● **WORK INSTRUCTIONS**
Your job with the data below: print everything from the line that holds "Ege Maden İhracatçıları" down to the line that holds "bir toplantı oldu.", ends included, exactly, and nothing else.

● **EXERCISE INPUT**

= Beginning of Section =

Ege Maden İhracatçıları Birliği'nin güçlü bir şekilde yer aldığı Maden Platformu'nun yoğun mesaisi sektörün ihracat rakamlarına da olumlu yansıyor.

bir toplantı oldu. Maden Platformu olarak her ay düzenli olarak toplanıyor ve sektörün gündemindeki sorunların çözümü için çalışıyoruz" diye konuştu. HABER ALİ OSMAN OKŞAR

= End of Section =
= Beginning of Section =

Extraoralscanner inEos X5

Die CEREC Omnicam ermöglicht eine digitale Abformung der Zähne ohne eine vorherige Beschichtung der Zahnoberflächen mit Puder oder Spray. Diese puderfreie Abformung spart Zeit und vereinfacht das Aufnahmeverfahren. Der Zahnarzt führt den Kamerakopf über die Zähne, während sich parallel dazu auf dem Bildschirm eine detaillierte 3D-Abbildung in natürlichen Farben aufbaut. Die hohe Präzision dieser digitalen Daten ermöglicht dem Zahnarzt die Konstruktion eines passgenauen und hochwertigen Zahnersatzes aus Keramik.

= End of Section =

● **SOLUTION**
Ege Maden İhracatçıları Birliği'nin güçlü bir şekilde yer aldığı Maden Platformu'nun yoğun mesaisi sektörün ihracat rakamlarına da olumlu yansıyor.

bir toplantı oldu. Maden Platformu olarak her ay düzenli olarak toplanıyor ve sektörün gündemindeki sorunların çözümü için çalışıyoruz" diye konuştu. HABER ALİ OSMAN OKŞAR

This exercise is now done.